*** Records for the exercise Section Begins ***

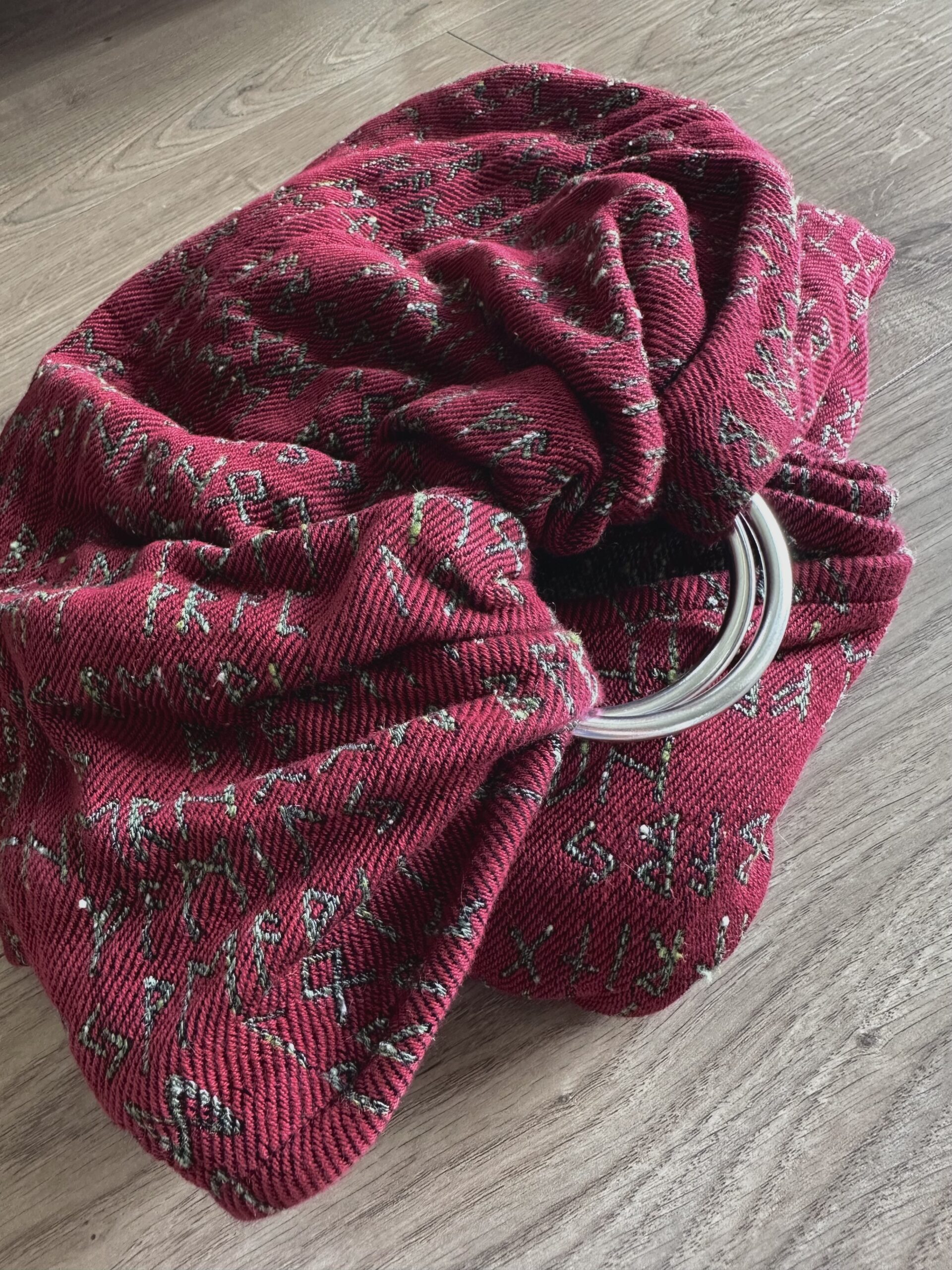 Runos labai populiarus Lulunos dizainas, įkvėptas vikingų kultūros. Čia ne šiaip runos išdėliotos, visi šie užrašai turi reikšmę. Po šiomis runomis slypi žodžiai ,,Motherhood, Love, Babywearing, Father, Mother, Baby, Family”. Šukuotinės medvilnės, tussah šilko ir shantung viskozės mišinys ypatingai purus ir minkštas. Labai smagiai gula ant pečių. Juosta įspūdingai atrodo iš abiejų pusių, tik raudona nėra tokia ryški kaip Lulunos promo nuotraukose. Turėdami šią juostą savo kolekcijoje tikrai nepasigailėsit.
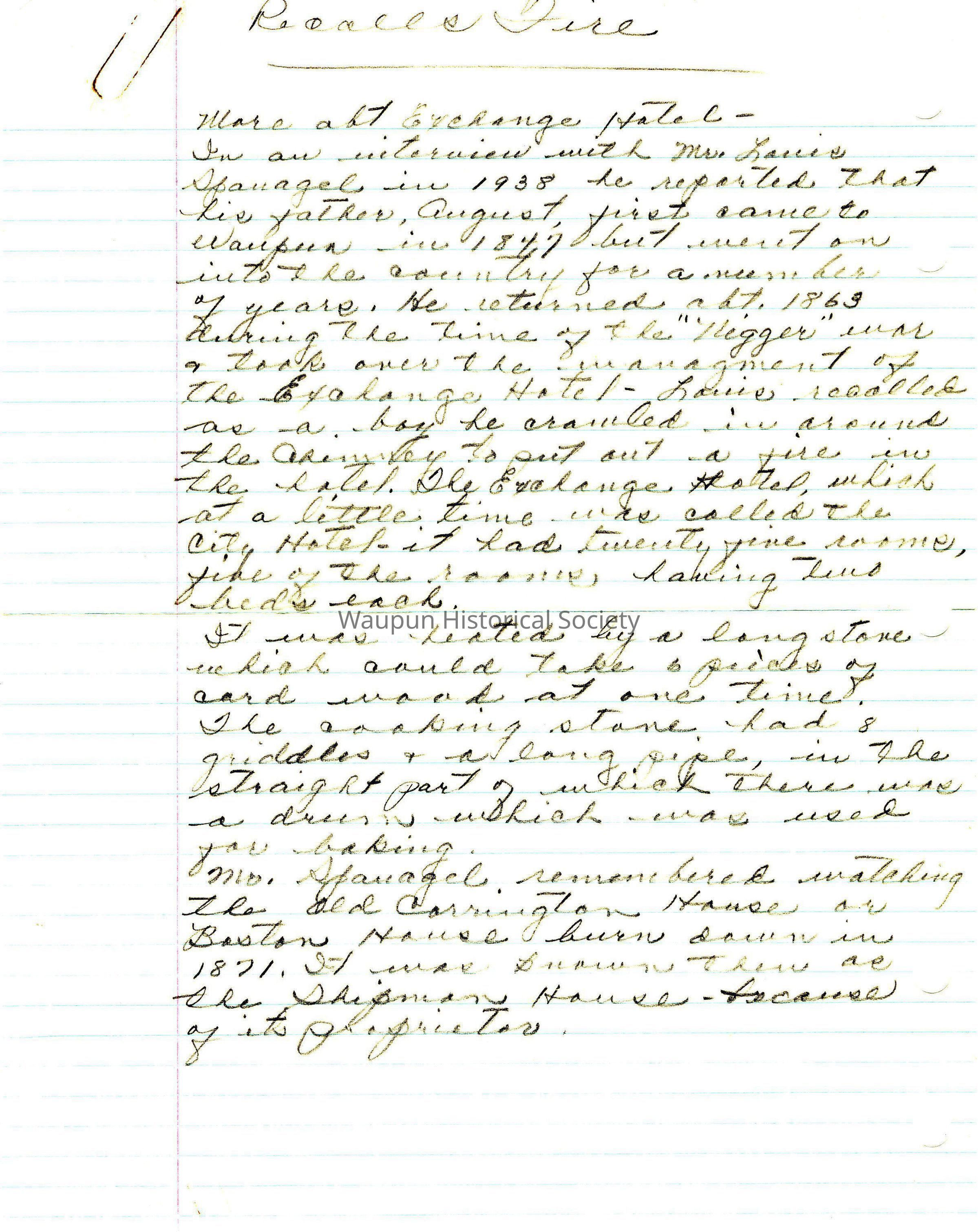 Recalls Fire. More about Exchange Hotel. In an interview with Mr. Louis Spanagel in 1938 he reported that his father, August, first came to Waupun in 1847 but went on into the country for a number of years. He returned about 1863 during the time of the "Nigger" war and took over the management of the Exchange Hotel. Louis recalled as a boy he crawled in the chimneyy to put out a fire in the hotel. The Exchange Hotel, which at a little time was called the City Hotel, it had twenty-five rooms, five of the rooms having two beds each. It was heated by a long stove which could take 6 pieces of cord wood at one time. The cooking stove had 8 griddles and a long pipe, in the straight part of which there was a drum which was used for baking. Mr. Spanagel remembered watching the old Carrington House or Boston House burn down in 1871. It was known then as the Shipman House because of its proprietors. Probably written down by Lena D. Luck as it was stapled to something else with her name on it.
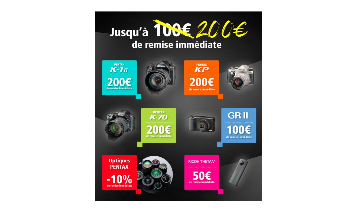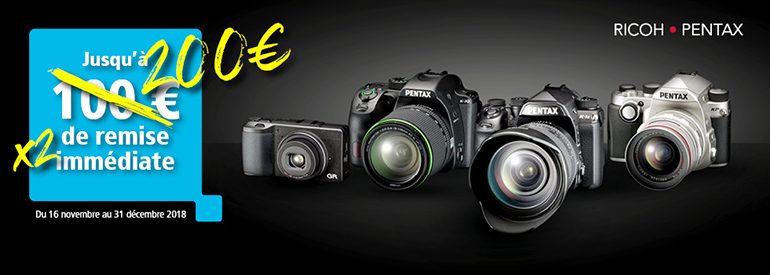 Pentax annonce le doublement de son offre de remise en caisse valable jusqu’au 31 décembre 2018. Au lieu de 100 € maximum, c’est donc jusqu’à 200 € qui pourront être économisés sur votre prochain achat.
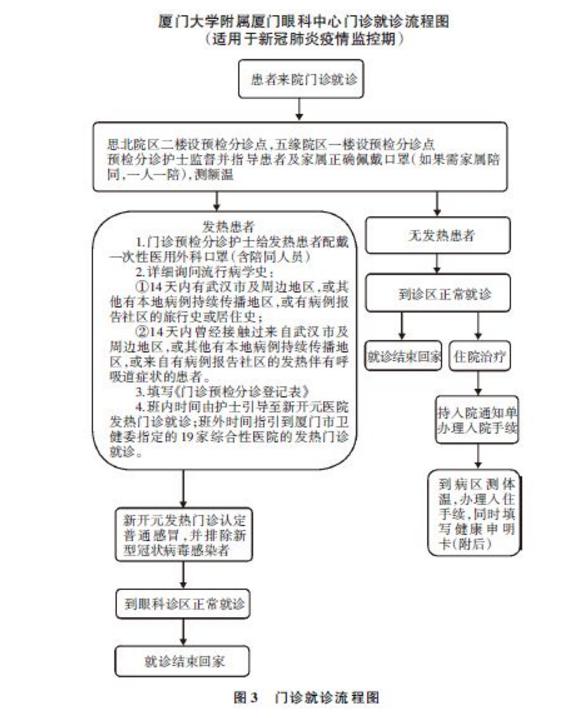 2019年12月以來新型冠狀病毒肺炎疫情迅速蔓延,面對這種傳染性極強的新冠病毒,眼科醫(yī)護人員應(yīng)該在救治眼科患者的同時做好醫(yī)患人員的防護。下面就廈門眼科中心根據(jù)衛(wèi)生健康委的要求(圖1,2)在疫情期間開診過程結(jié)合眼科的特點制定并不斷完善了這些流程,供眼科同道參考。
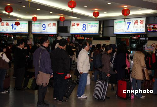 圖:臺(tái)北長途汽車客運(yùn)站出現(xiàn)排隊(duì)等車回鄉(xiāng)人龍
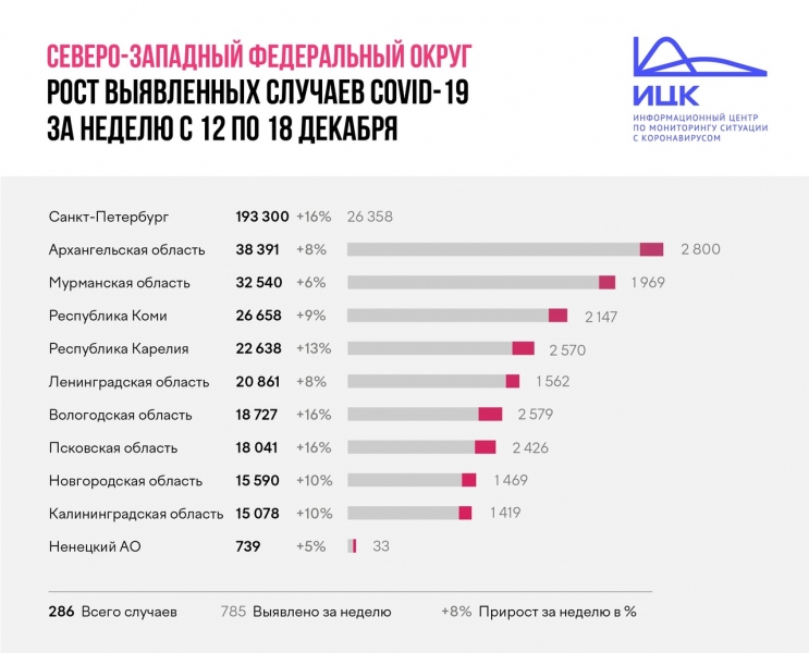 За неделю с 12 по 18 декабря диагноз "коронавирус" поставили 2579 людям. БОльшие показатели только в Санкт-Петербурге и Архангельской области - 26358 и 2800 новых случаев. Такие данные публикует ИЦК.

*** Records for the exercise Section Ends ***

→ What needs to be done
Each line from the one holding "圖:臺(tái)北長途汽車客" down to the end of the records is to be reproduced unaltered, and the pictures are to be omitted.

→ Written answer
 圖:臺(tái)北長途汽車客運(yùn)站出現(xiàn)排隊(duì)等車回鄉(xiāng)人龍
 За неделю с 12 по 18 декабря диагноз "коронавирус" поставили 2579 людям. БОльшие показатели только в Санкт-Петербурге и Архангельской области - 26358 и 2800 новых случаев. Такие данные публикует ИЦК.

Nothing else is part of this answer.